In oral address in support of this ground, the applicant also contended that ss 7(1)(c) and 13 were constitutionally invalid because they had the effect of requiring the Court to create "new offences". The applicant referred to a speech by Lord Simon of Glaisdale in Director of Public Prosecutions v Withers [1975] AC 842 at 863 (which was referred to by Heydon J in PGA v The Queen (2012) 245 CLR 355; [2012] HCA 21 at [141]). Lord Simon said that it was an "undoubted [principle] of law" that "it is not open to the courts nowadays either to create new offences or so to widen existing offences as to make punishable conduct of a type hitherto not subject to punishment". That principle is not to be doubted. However, the applicant failed to establish how the principle has any application to the relevant provisions of the CDPV Act. Those provisions do not require a court to create any new offence. Rather, the provisions are to be applied in their own terms. The applicant's contention that a court cannot decide what "conduct" causes a reasonable apprehension of injury to a person etc. as referred to in s 7(1)(c) is untenable. That provision is a definitional provision which a court is required to apply in its own terms to the particular circumstances of any case in which it is alleged that the person has committed an offence under s 13. The applicant's argument was not assisted by his reference to s 428B of the Crimes Act. As the Court pointed out, that provision deals with the very different topic of intoxication.
I do not understand the applicant to have raised any claim of actual bias.

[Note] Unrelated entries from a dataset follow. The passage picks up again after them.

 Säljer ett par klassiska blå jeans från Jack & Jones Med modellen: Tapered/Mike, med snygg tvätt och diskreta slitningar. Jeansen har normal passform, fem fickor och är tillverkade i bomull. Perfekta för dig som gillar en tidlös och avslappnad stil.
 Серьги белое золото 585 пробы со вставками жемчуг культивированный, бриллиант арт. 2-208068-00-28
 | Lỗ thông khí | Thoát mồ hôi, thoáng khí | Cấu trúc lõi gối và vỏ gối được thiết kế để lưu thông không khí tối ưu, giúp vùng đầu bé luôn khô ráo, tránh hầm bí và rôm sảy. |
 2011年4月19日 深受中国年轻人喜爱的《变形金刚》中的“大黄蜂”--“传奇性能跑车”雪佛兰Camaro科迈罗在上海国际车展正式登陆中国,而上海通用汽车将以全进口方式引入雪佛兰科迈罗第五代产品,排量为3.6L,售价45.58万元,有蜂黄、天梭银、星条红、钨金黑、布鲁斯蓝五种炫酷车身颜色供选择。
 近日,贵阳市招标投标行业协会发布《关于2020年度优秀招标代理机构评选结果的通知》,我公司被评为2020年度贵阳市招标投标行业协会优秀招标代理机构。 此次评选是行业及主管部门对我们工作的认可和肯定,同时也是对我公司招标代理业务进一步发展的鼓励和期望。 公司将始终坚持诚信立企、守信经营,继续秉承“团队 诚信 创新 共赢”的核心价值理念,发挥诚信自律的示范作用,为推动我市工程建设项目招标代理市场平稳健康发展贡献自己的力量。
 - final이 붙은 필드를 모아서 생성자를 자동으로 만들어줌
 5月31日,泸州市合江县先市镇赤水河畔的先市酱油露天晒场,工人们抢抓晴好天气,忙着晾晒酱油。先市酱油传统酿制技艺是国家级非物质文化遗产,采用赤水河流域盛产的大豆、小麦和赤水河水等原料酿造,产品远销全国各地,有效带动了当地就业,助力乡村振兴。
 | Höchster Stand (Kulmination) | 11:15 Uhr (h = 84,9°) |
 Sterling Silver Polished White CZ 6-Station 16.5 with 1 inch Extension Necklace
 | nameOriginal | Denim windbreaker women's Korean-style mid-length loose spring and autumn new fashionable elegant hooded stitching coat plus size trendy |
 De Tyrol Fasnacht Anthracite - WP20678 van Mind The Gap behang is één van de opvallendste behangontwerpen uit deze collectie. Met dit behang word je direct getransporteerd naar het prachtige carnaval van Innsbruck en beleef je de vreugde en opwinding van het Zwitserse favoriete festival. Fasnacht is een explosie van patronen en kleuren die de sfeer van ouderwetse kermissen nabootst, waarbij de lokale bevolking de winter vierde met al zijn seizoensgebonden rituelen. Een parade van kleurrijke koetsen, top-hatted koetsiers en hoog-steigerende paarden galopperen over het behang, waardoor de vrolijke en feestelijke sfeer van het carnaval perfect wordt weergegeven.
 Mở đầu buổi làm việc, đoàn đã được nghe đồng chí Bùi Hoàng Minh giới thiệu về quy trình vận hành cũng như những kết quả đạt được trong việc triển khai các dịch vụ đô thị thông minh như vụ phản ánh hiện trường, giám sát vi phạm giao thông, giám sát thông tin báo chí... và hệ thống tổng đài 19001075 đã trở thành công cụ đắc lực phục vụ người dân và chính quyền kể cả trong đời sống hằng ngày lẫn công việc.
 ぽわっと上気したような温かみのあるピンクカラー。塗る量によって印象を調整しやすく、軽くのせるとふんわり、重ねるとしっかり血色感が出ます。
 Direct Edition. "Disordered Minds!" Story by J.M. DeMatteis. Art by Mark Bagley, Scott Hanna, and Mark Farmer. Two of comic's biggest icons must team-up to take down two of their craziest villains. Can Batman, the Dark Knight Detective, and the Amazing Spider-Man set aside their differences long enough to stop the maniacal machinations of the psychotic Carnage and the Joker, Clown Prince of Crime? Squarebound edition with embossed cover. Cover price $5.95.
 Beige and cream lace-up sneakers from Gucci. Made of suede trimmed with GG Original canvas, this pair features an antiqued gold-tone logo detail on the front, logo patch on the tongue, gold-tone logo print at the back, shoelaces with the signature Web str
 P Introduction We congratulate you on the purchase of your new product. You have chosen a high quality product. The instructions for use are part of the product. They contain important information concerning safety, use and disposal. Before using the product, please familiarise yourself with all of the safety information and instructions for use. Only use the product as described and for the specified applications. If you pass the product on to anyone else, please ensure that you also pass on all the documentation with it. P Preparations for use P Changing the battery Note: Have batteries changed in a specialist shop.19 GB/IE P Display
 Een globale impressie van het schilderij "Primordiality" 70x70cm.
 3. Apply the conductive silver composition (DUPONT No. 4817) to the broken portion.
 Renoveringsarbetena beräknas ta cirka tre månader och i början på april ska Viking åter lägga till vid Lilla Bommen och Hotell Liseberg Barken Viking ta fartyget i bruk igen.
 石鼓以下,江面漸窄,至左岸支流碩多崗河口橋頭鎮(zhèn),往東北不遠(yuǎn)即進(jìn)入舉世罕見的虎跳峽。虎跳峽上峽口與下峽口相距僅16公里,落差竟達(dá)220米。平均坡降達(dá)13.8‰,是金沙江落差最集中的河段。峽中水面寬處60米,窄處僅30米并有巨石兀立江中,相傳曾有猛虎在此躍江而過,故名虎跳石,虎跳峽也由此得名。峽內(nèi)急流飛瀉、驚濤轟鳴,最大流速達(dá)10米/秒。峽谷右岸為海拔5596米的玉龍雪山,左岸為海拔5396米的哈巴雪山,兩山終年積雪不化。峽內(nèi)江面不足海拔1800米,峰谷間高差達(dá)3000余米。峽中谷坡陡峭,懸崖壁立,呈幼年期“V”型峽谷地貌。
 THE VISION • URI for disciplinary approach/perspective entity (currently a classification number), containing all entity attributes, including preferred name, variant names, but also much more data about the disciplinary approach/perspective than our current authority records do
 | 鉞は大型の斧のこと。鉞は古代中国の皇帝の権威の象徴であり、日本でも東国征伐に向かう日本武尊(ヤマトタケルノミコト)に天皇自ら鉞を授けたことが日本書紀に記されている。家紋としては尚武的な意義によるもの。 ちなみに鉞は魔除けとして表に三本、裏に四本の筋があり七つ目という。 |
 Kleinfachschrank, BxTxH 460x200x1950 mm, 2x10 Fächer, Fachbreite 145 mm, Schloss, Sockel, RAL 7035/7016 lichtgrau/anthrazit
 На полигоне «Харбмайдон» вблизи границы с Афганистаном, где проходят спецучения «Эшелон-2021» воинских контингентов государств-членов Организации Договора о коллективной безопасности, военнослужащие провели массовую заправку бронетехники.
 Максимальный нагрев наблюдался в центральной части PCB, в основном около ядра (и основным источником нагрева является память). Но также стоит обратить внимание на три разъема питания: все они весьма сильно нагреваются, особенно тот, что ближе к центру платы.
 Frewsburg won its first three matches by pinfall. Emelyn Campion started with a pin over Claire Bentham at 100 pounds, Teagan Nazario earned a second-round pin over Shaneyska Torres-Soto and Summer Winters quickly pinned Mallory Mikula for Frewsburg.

In any event, any such claim would be entirely baseless and would be difficult to reconcile with the great lengths to which Button J went in seeking to understand the applicant's case (see, for example, at PJ[49]).
Ground 12 criticises the District Court and Local Court judgments on the basis that they "did not show the pathway to conviction as the evidence was dealt [with] in branches". As the first respondent correctly pointed out, this could not amount to jurisdictional error on the part of Button J (as opposed to the District or Local Courts). In any event, the applicant has not identified any Australian authority in support of the proposition that dealing with evidence "in branches" involves any error of law, whether jurisdictional or not.